RUN wget https://github.com/4ment/physher/archive/refs/tags/v2.0.1.tar.gz
tar -xzvf v2.0.1.tar.gz
cmake -S physher-2.0.1 -B physher-2.0.1/build -DBUILD_CPP_WRAPPER=on -DBUILD_TESTING=on -DCMAKE_INSTALL_PREFIX=$CONDA_PREFIX/envs/torchtree-experiments
cmake --build physher-2.0.1/build/ --target install
export LIBRARY_PATH=$LIBRARY_PATH:$CONDA_PREFIX/envs/torchtree-experiments/lib

pip install torch==1.12.1 numpy==1.22 torchtree==1.0.2
pip install torchtree-physher==1.0.0 torchtree-scipy==1.0.0

### Running the pipeline

nextflow run main.nf -profile conda --sc2 sc2.fa

`sc2.fa` is the sequence alignment file containing the SARS-CoV-2 sequences (see [SARS-CoV-2](#sars-cov-2) section for more details)
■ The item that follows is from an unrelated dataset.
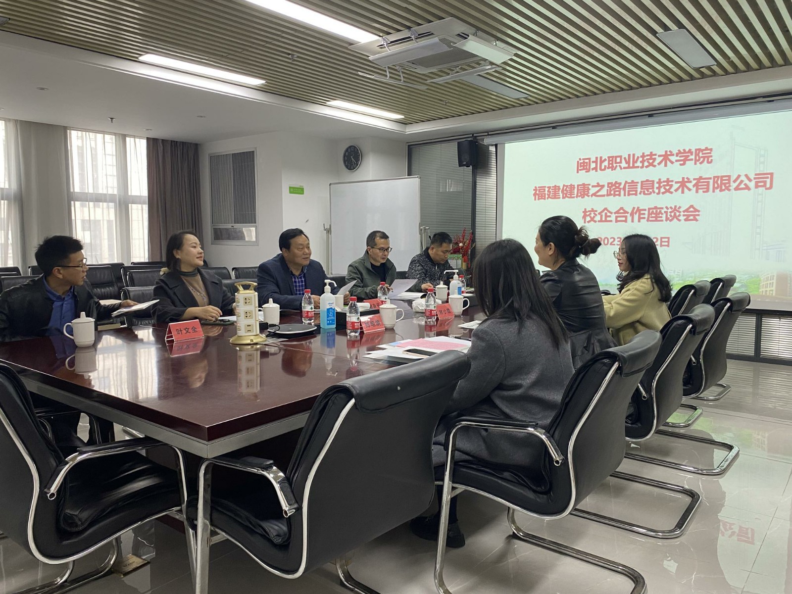 福建健康之路信息技术有限公司是一家“互联网+医疗健康”企业。福建健康之路信息技术有限公司副总裁林小霞对调研组一行的到来表示欢迎,随后召开校企合作座谈会,副总裁林小霞、人事行政总监江琴、政府事务部经理廖花参加了座谈会。调研组一行听取了林小霞副总裁的介绍,详细了解了企业对软件测试、公众号运营、数字健康营销的人才需求,听取了企业对人才培养的建议,并就校企资源共享、科技创新、学生实习实训等问题进行交流。
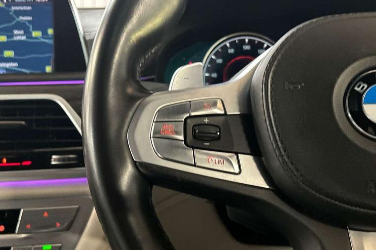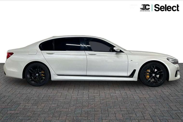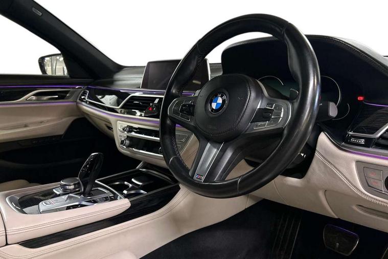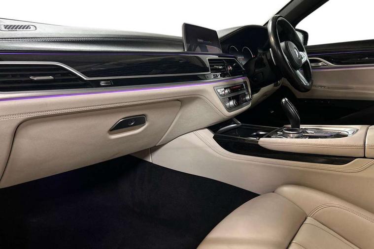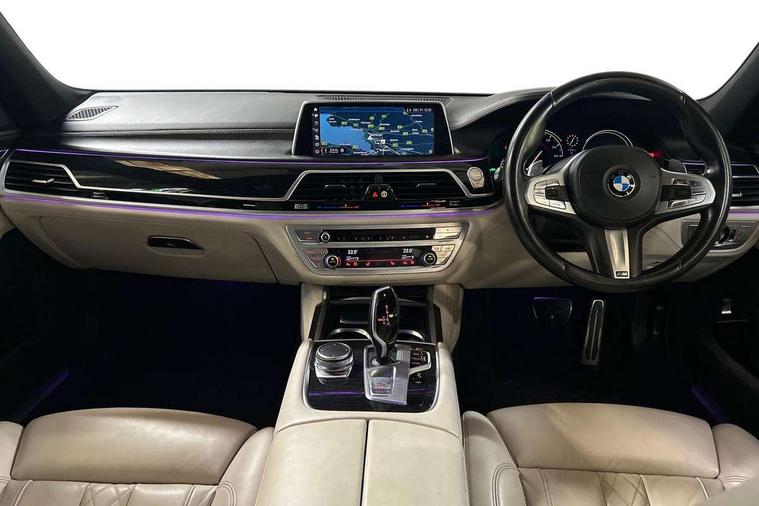 10.25" display screen, 20GB hard disc drive (HDD) memory, Automatic bootlid operation, Average speed gauge, BMW apps interface, BMW display key, BMW gesture control, BMW information plus, BMW Online services, BMW remote services, BMW Teleservices, Brake force display, Colour information display, Comfort access system with smart opener, Digital cockpit, Drive Performance Control with ECO PRO, Comfort+, Comfort, Sport, Sport+ and Adaptive modes, Enhanced bluetooth with wireless charging, EPAS, Fuel consumption and range, iDrive touch controller with shortcut buttons, Multi function trip computer, Multifunctional instrument panel, Navigation system - BMW Professional multimedia, Oil sensor for level and grade, On board computer, On-board diagnosis - OBD, Outside temperature gauge, Personal Profile, Real time traffic information, Service indicator, Smartphone wireless charging plate, Soft close tailgate operation, Speed limit display, Speed limiting function, Variable Damper Control, Wifi hotspot preparation, Anti roll bar front and rear, Diesel particulate filter, Self levelling twin axle air suspension, Sport automatic transmission, DAB Digital radio, Favourite buttons, Radio/CD/DVD/MP3 player, All round anti-corrosion system, Auto dimming rear view mirror, Automatic headlights, Body colour bumpers, Body colour door mirrors, Dynamic brake lights with LED technology, Electric front and rear windows with fingertip open/close + anti-trap all round, Electric heated door mirrors, Exterior mirrors - electrically folding with anti-dazzle, Follow me home headlights, Heated windscreen washer jets, High beam assistant, High gloss shadow line exterior trim, LED daytime running lights, LED front and rear fog lights, Left and right single chrome quadrilateral exhaust tailpipes, M aerodynamic bodystyling, Outer door handle illumination, Rain sensor, Soft close automatic (SCA) for doors, 12V socket in front and rear, 4 zone control automatic air conditioning, Ambient interior lighting, Battery in luggage compartment, Centre console with armrest, Driver + front passenger electric lumbar support, Footwell courtesy lights front and rear, Front and rear cupholders, Front and rear seat heating, Front armrest, Front comfort multi adjustable electric seats with memory for driver/front passenger + seat width adjustment, Front comfort seats, Illuminated door sill finishers, Isofix child seat attachment, Lockable glovebox, M specific key, M sports leather steering wheel, Massage function for front seats, Multifunction steering wheel, Reach and rake adjustable steering column, Rear armrest, Rear comfort seats, Rear headrests, Smokers pack - 7 Series, ABS+EBD+Brake assist, Advanced Head Protection System front + rear, Anti-whiplash front headrests, Automatic Stability Control (ASC), BMW emergency call, Brake energy regeneration, Comfort exit stepless door brake, Cornering brake control, Crash Sensor - activates hazard/interior lighting + unlocks doors, Deformation zones - front and rear with door reinforcements and bumpers up to 2.5 mph, Driver and passenger airbags, DSC - Dynamic Stability Control, Dynamic brake control, Dynamic safety, Dynamic Traction Control - DTC, Electromechanical parking brake + auto hold function, Engine drag torque control, Front passenger airbag deactivation, Front seatbelt pretensioners with force limiters, Rear airbags, Side airbags, Side impact protection, Three inertia reel seat, Two tone horn, Tyre pressure monitor, Warning triangle and first aid kit, Immobiliser, Locking wheel bolts, Remote central locking, Thatcham Cat.1 alarm, Leather instrument panel,

## Pipeline with docker or singularity
There is no need to install dependencies with docker or singularity.

### Running the pipeline with docker

nextflow run main.nf -profile docker --sc2 sc2.fa

### Running the pipeline with singularity and PBS

nextflow -C configs/uts.config run main.nf -profile singularity --sc2 sc2.fa

Since the pipeline will take weeks to run to completion one should use a high performance computer. An example of configuration file for PBS Pro can be found in the [configs](configs/) folder.

## Summarizing results

All R packages used for plotting the results can be installed using renv. This command needs to be run only once.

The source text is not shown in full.